Instructions to follow =
Give the records again in full, exactly as written.

Input for this task =
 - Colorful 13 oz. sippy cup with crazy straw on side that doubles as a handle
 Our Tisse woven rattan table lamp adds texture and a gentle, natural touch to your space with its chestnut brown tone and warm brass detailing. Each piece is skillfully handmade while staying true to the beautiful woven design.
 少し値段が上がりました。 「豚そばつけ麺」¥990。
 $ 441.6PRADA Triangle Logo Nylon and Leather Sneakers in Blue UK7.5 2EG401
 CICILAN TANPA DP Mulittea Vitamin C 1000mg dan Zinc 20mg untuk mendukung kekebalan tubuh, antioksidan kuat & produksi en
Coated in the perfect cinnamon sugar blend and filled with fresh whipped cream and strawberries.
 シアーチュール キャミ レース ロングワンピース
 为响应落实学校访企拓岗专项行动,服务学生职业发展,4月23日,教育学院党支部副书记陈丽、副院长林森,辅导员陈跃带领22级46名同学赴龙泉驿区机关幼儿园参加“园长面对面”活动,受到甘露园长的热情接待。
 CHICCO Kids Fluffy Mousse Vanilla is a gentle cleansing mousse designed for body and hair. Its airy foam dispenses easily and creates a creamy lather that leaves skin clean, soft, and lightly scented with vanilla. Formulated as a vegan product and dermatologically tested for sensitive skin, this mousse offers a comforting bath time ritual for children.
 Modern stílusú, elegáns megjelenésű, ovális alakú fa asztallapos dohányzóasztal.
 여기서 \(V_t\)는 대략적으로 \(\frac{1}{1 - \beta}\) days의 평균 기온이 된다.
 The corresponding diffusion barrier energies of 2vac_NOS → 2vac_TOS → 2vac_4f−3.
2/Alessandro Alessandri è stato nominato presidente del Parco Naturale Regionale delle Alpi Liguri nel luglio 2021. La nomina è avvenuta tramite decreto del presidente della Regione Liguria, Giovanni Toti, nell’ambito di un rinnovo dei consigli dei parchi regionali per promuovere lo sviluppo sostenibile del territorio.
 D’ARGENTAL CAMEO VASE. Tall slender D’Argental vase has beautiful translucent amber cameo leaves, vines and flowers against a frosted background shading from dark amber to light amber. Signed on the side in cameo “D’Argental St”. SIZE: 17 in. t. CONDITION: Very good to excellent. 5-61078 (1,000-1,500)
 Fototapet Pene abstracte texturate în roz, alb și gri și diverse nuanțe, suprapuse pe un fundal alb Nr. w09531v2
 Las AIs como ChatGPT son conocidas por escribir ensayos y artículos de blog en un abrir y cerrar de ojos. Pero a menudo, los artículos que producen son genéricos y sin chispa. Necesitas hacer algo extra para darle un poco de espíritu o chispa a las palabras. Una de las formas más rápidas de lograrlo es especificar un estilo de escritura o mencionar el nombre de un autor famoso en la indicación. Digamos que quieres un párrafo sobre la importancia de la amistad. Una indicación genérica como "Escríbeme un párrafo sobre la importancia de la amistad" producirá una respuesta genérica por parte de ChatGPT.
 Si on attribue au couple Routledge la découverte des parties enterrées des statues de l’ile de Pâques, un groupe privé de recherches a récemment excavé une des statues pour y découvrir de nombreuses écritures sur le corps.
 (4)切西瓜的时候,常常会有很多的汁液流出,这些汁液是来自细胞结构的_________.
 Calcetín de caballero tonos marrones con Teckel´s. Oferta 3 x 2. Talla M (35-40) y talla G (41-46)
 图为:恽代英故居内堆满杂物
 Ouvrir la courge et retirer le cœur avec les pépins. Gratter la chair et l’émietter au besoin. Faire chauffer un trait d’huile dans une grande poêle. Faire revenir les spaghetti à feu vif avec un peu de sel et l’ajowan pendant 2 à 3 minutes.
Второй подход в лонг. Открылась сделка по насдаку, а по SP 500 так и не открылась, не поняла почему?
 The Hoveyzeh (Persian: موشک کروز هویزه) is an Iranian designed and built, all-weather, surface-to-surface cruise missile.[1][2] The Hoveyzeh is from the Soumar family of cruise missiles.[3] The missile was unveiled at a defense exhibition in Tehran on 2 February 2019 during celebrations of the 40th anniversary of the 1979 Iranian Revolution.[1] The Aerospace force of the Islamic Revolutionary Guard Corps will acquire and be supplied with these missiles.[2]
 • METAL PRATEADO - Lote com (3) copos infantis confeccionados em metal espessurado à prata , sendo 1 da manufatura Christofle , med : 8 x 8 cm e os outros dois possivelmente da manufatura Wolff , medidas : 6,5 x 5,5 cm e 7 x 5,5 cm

Task solution =
 - Colorful 13 oz. sippy cup with crazy straw on side that doubles as a handle
 Our Tisse woven rattan table lamp adds texture and a gentle, natural touch to your space with its chestnut brown tone and warm brass detailing. Each piece is skillfully handmade while staying true to the beautiful woven design.
 少し値段が上がりました。 「豚そばつけ麺」¥990。
 $ 441.6PRADA Triangle Logo Nylon and Leather Sneakers in Blue UK7.5 2EG401
 CICILAN TANPA DP Mulittea Vitamin C 1000mg dan Zinc 20mg untuk mendukung kekebalan tubuh, antioksidan kuat & produksi en
Coated in the perfect cinnamon sugar blend and filled with fresh whipped cream and strawberries.
 シアーチュール キャミ レース ロングワンピース
 为响应落实学校访企拓岗专项行动,服务学生职业发展,4月23日,教育学院党支部副书记陈丽、副院长林森,辅导员陈跃带领22级46名同学赴龙泉驿区机关幼儿园参加“园长面对面”活动,受到甘露园长的热情接待。
 CHICCO Kids Fluffy Mousse Vanilla is a gentle cleansing mousse designed for body and hair. Its airy foam dispenses easily and creates a creamy lather that leaves skin clean, soft, and lightly scented with vanilla. Formulated as a vegan product and dermatologically tested for sensitive skin, this mousse offers a comforting bath time ritual for children.
 Modern stílusú, elegáns megjelenésű, ovális alakú fa asztallapos dohányzóasztal.
 여기서 \(V_t\)는 대략적으로 \(\frac{1}{1 - \beta}\) days의 평균 기온이 된다.
 The corresponding diffusion barrier energies of 2vac_NOS → 2vac_TOS → 2vac_4f−3.
2/Alessandro Alessandri è stato nominato presidente del Parco Naturale Regionale delle Alpi Liguri nel luglio 2021. La nomina è avvenuta tramite decreto del presidente della Regione Liguria, Giovanni Toti, nell’ambito di un rinnovo dei consigli dei parchi regionali per promuovere lo sviluppo sostenibile del territorio.
 D’ARGENTAL CAMEO VASE. Tall slender D’Argental vase has beautiful translucent amber cameo leaves, vines and flowers against a frosted background shading from dark amber to light amber. Signed on the side in cameo “D’Argental St”. SIZE: 17 in. t. CONDITION: Very good to excellent. 5-61078 (1,000-1,500)
 Fototapet Pene abstracte texturate în roz, alb și gri și diverse nuanțe, suprapuse pe un fundal alb Nr. w09531v2
 Las AIs como ChatGPT son conocidas por escribir ensayos y artículos de blog en un abrir y cerrar de ojos. Pero a menudo, los artículos que producen son genéricos y sin chispa. Necesitas hacer algo extra para darle un poco de espíritu o chispa a las palabras. Una de las formas más rápidas de lograrlo es especificar un estilo de escritura o mencionar el nombre de un autor famoso en la indicación. Digamos que quieres un párrafo sobre la importancia de la amistad. Una indicación genérica como "Escríbeme un párrafo sobre la importancia de la amistad" producirá una respuesta genérica por parte de ChatGPT.
 Si on attribue au couple Routledge la découverte des parties enterrées des statues de l’ile de Pâques, un groupe privé de recherches a récemment excavé une des statues pour y découvrir de nombreuses écritures sur le corps.
 (4)切西瓜的时候,常常会有很多的汁液流出,这些汁液是来自细胞结构的_________.
 Calcetín de caballero tonos marrones con Teckel´s. Oferta 3 x 2. Talla M (35-40) y talla G (41-46)
 图为:恽代英故居内堆满杂物
 Ouvrir la courge et retirer le cœur avec les pépins. Gratter la chair et l’émietter au besoin. Faire chauffer un trait d’huile dans une grande poêle. Faire revenir les spaghetti à feu vif avec un peu de sel et l’ajowan pendant 2 à 3 minutes.
Второй подход в лонг. Открылась сделка по насдаку, а по SP 500 так и не открылась, не поняла почему?
 The Hoveyzeh (Persian: موشک کروز هویزه) is an Iranian designed and built, all-weather, surface-to-surface cruise missile.[1][2] The Hoveyzeh is from the Soumar family of cruise missiles.[3] The missile was unveiled at a defense exhibition in Tehran on 2 February 2019 during celebrations of the 40th anniversary of the 1979 Iranian Revolution.[1] The Aerospace force of the Islamic Revolutionary Guard Corps will acquire and be supplied with these missiles.[2]
 • METAL PRATEADO - Lote com (3) copos infantis confeccionados em metal espessurado à prata , sendo 1 da manufatura Christofle , med : 8 x 8 cm e os outros dois possivelmente da manufatura Wolff , medidas : 6,5 x 5,5 cm e 7 x 5,5 cm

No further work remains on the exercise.